Post-Earthquake Assessment of a Historical Masonry Building after the Zagreb Earthquake—Case Study
2. The Case Study Building
3. Rapid Post-Earthquake Assessment of the Building
- Inspection of the available documentation and archives regarding the building’s construction history and geometry
- Damage assessment based on a visual inspection—damaged load-bearing elements and damaged non-structural elements that pose a threat to human lives or to the surrounding property
- Damage assessment based on a visual inspection—identification of different types of damage (crack patterns, local plaster damage, etc.) and the development of damage schemes for all structural elements of the building
- Information gathering regarding materials quality—assessment of the quality of mortar, condition and type of masonry elements and the condition of timber used in the floor structures (humidity, density, etc.)

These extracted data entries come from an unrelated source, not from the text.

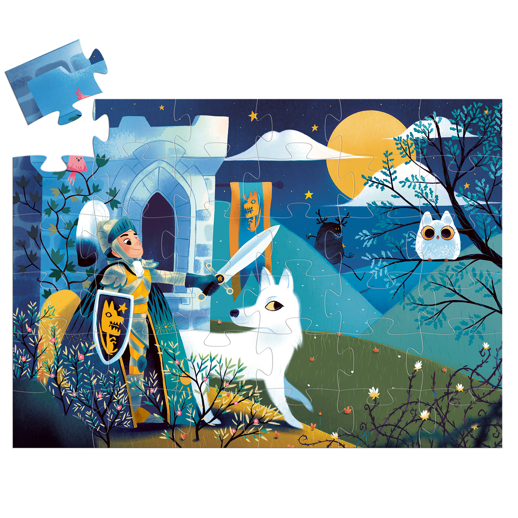 Рыцарь и его волк защищают свой замок при свете полной луны. Превосходный пазл из 36 частей в стильной коробке в форме рыцаря.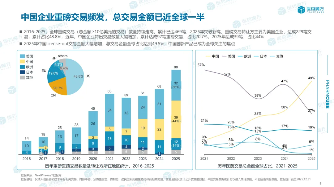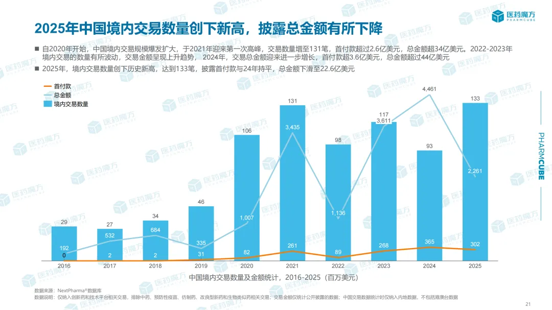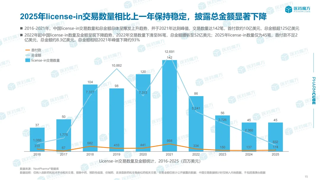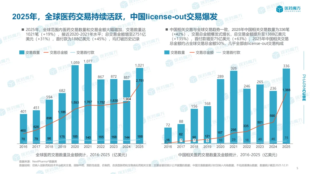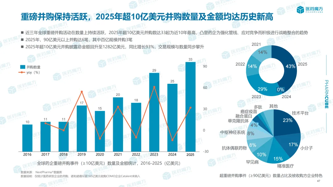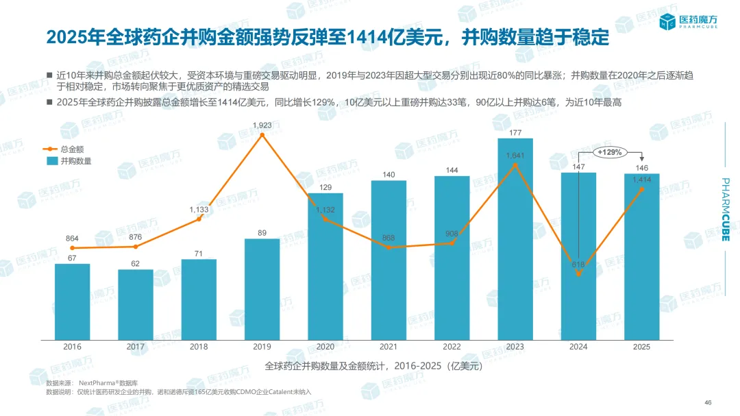 医药魔方MedAlpha新药投融资数据库显示,2025年全球并购总计144起,总金额达到1430.27亿美元。2023年这一数字为148起,总金额达1570.26亿美元。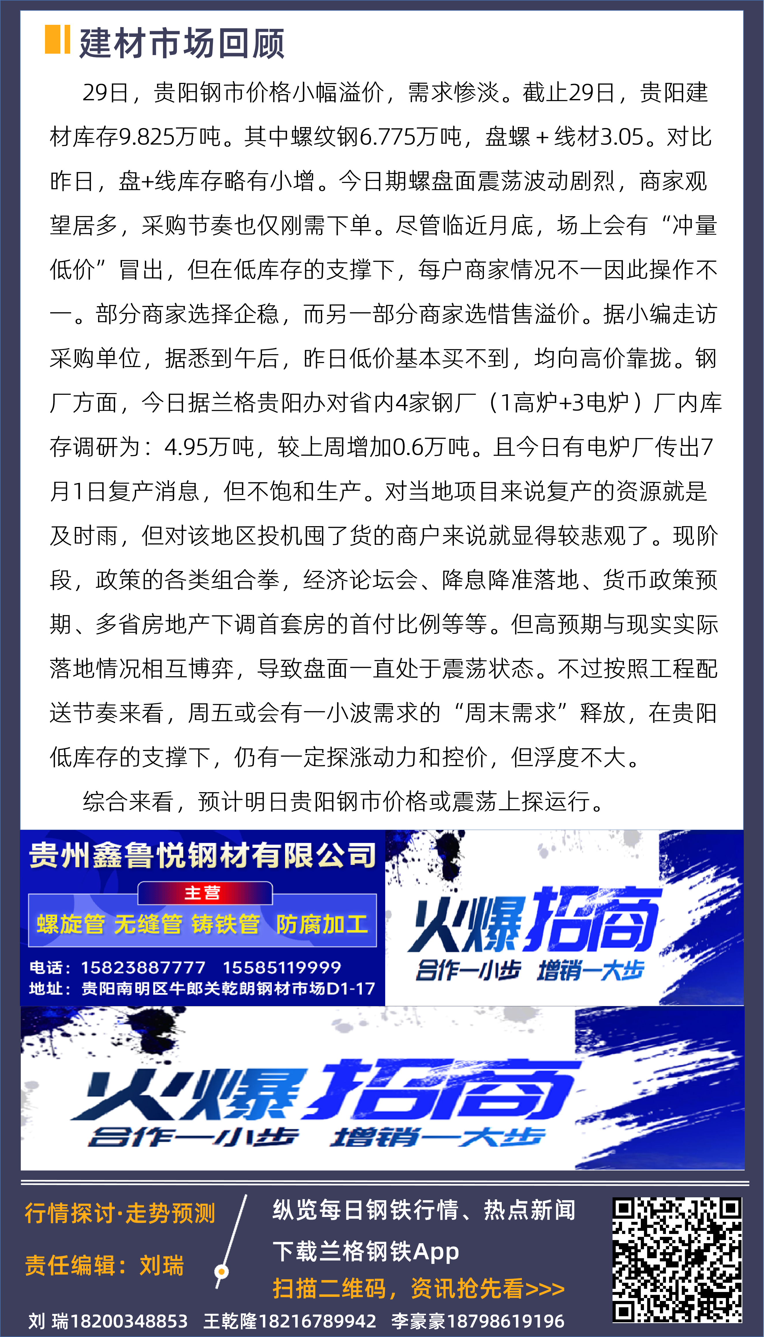 发表日期:2023/6/29 18:07:04 兰格钢铁-刘瑞 兰格钢铁网
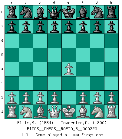 Last move : 1-0 2014 December 1 12:24:29 [Event "FICGS__CHESS__RAPID_B__000220"] [Site "FICGS"] [Date "2014.10.31"] [Round "1"] [White "Ellis,Maurice"] [Black "Tavernier,Christopher"] [Result "1-0"] [WhiteElo "1884"] [BlackElo "1800"] 1.e4 1-0 This chess game has been lost on time (started : 2014.10.31 23:19:11) King's pawn Opening Player White won this chess game. Follow this game move after move (download)I prefer to lose a really good game than to win a bad one. (David Levy) Alle Schachspieler sollten auch ein Hobby haben. (Savielly Grigorievitsch Tartakower) Me siento como si fuera una pieza en una partida de Ajedrez, cuando mi oponente me indica: esa pieza no puede ser movida. (Soren Kierkegaard) Mon pion favori sur ma case favorite ! Bronstein en parlant d'un coup de pion en h5 quand il avait les Noirs. Ah, the Socrating method. The best way we have of teaching everything-apart from juggling chainsaws. (Gregory House, House M.D.)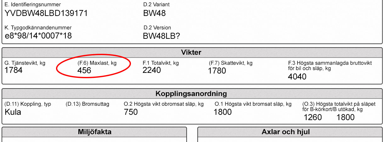 Om du ska köra bilen som registreringsbeviset ovanför tillhör och ska ta med en passagerare som väger 80 kg så får du ta med högst 376 kg annan last eftersom 456 kg - 80 kg = 376 kg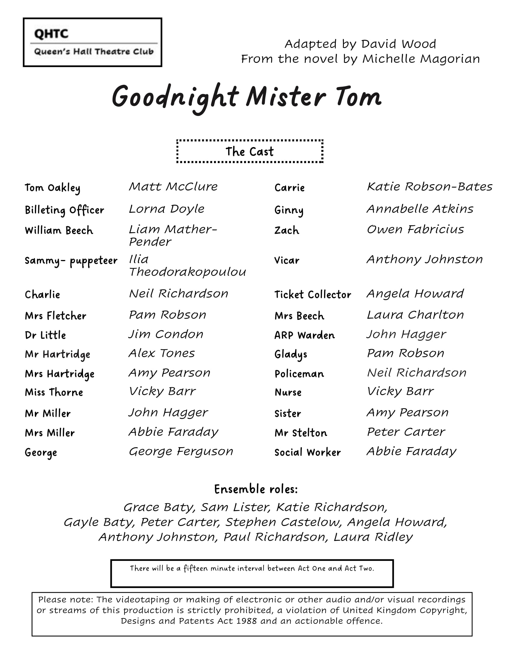 This Olivier Award-winning adaptation unfolds a story of real emotional depth and power. The warm-hearted villagers support and value the little boy, and Tom works through his own grief and regret to build a relationship with William which saves them both.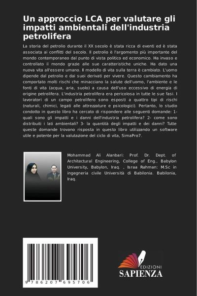 La storia del petrolio durante il XX secolo è stata ricca di eventi ed è stata associata ai conflitti del secolo. Il petrolio è l'argomento più importante del mondo contemporaneo dal punto di vista politico ed economico. Ha invaso e controllato il mondo grazie alle sue caratteristiche uniche. Ha dato una nuova vita all'essere umano. Il modello di vita sulla terra è cambiato. L'uomo dipende dal petrolio e dai suoi derivati per vivere. Questo cambiamento ha comportato molti rischi che minacciano la salute dell'uomo, l'ambiente e le fonti di vita (acqua, aria, suolo) a causa dell'uso eccessivo di energia di origine petrolifera. L'industria petrolifera era pericolosa in tutte le sue fasi. I lavoratori di un campo petrolifero sono esposti a quattro tipi di rischi (naturali, chimici, legati alle attrezzature e psicologici). Pertanto, lo studio condotto in questo libro ha cercato di rispondere alle seguenti domande: 1- quali sono gli impatti e i danni dell'industria petrolifera? 2- come sono distribuiti i lati ambientali? 3- la quantità degli impatti e dei danni? Tutte queste domande trovano risposta in questo libro utilizzando un software utile e potente per la valutazione del ciclo di vita, SimaPro7.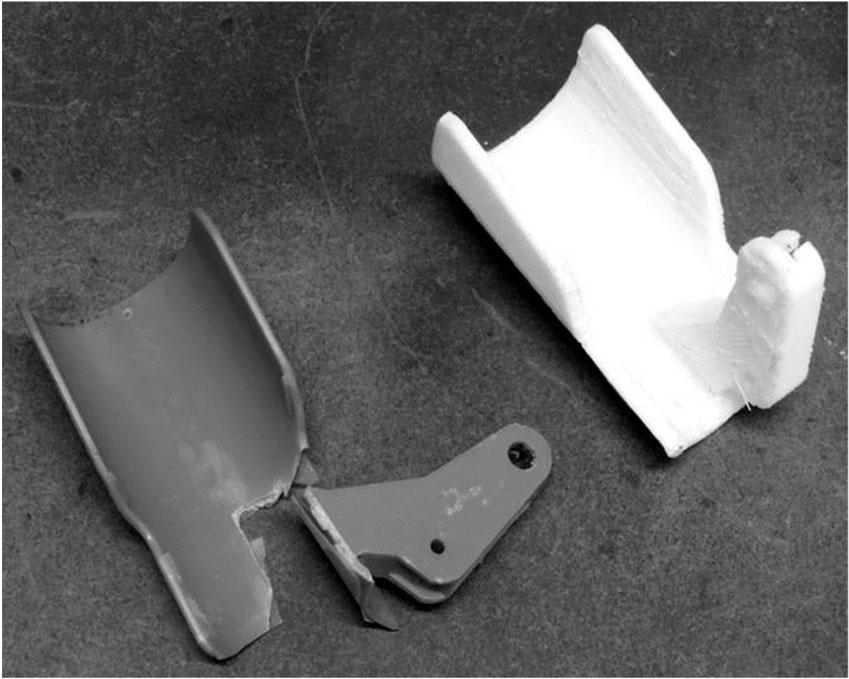 A replica of a lever mounting bracket for an electric lawnmower was made on the donated 3D printer at the Men’s Shed.
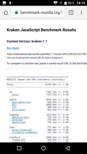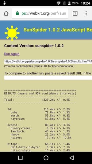 Что касается бенчмарков для оценки скорости движка javascript, то стоит всегда делать скидку на то, что в них результаты существенно зависят от браузера, в котором запускаются, так что сравнение может быть истинно корректным только на одинаковых ОС и браузерах, а такая возможность имеется при тестировании не всегда. В случае с ОС Android мы всегда стараемся использовать Google Chrome.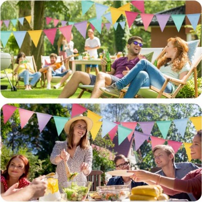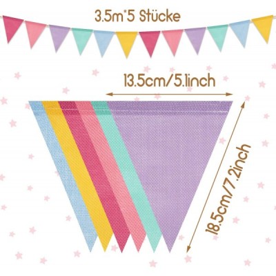 Alintor Wimpelkette Outdoor Wetterfest, 5 Stück Wimpelkette + Jutesäckchen, 60pcs Leinenimitat Wimpel, Girlande Geburtstag Draußen Luftschlangen, Einschulung Deko 17 12,5 cm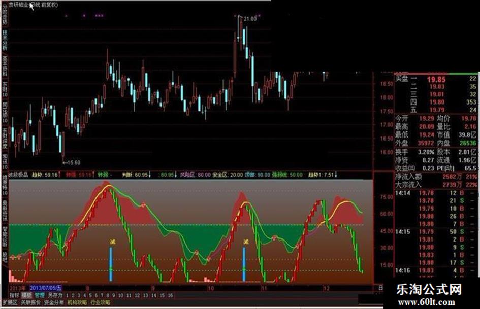 IF(判断>50 AND 趋势<判断,判断,DRAWNULL),COLORGREEN,LINETHICK2;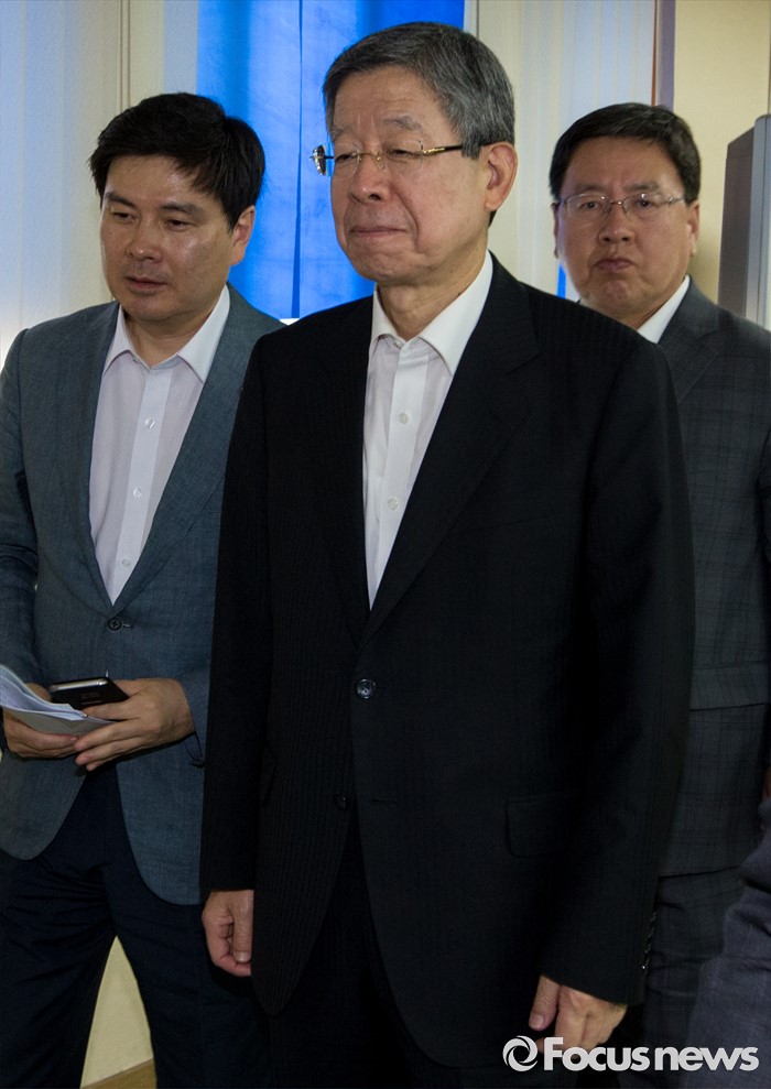 (서울=포커스뉴스) 20일 오전 서울 중구 남대문지역상담센터에서 김희옥(가운데) 새누리당 혁신비대위원장이 지역사회복지활동가들과 대화 후 쪽방촌으로 발걸음을 옮기고 있다. 김 위원장은 이날 간담회를 마친 후 남대문 쪽방촌을 방문, 여름철 무더위 대비와 주민보호대책 마련을 위한 민생행보를 이어갔다.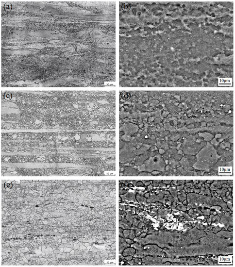 Figure 5 displays the optical microstructure and SEM images of as-extruded Mg-6Sn, Mg-6Sn-2Zn, and Mg-6Sn-2Zn-1Ca alloys (along the extrusion direction). As seen in Figure 5a,c,e, incomplete dynamic recrystallization (DRX) takes place in the as-extruded Mg-Sn alloys and the microstructure was obviously refined. The microstructure of the as-extruded Mg-Sn alloys mainly consisted of refined DRX grains and coarse elongated grains. As shown in Figure 5b,d,f, dense precipitates were observed in the α-Mg matrix in the as-extruded Mg-Sn alloys. According to Chang et al. [13], these fine precipitates were probably of the Mg2Sn phase, which form dynamically during hot extrusion. Furthermore, as seen in Figure 5f, the needle-like CaMgSn phase in the as-homogenized Mg-6Sn-2Zn-1Ca alloy was broken into particles and distributed along the extrusion direction.

- Data collection regarding the dimensions of certain elements and important measures (cross section of wooden beams, distance between wooden beams, masonry elements dimensions, mortar thickness, etc.)—very important for the numerical modelling of the building–defined in Section 2 for this case study
- The decision-making process—the appointment of one out of three usability labels explained in Appendix A
- Different crack patterns on the ceilings and above the openings (Figure 7a,b)
- Longitudinal cracks in joints between the walls and ceilings
- Diagonal X-pattern cracks on parapet walls between the openings on the façade (Figure 8)
- Cracks on load-bearing walls and cracks on walls where previous interventions were made, such as bricked-up doors (Figure 9a,b)
- Smaller cracks in the staircase of the building
- The basement: no damage was found that could be linked to the earthquake.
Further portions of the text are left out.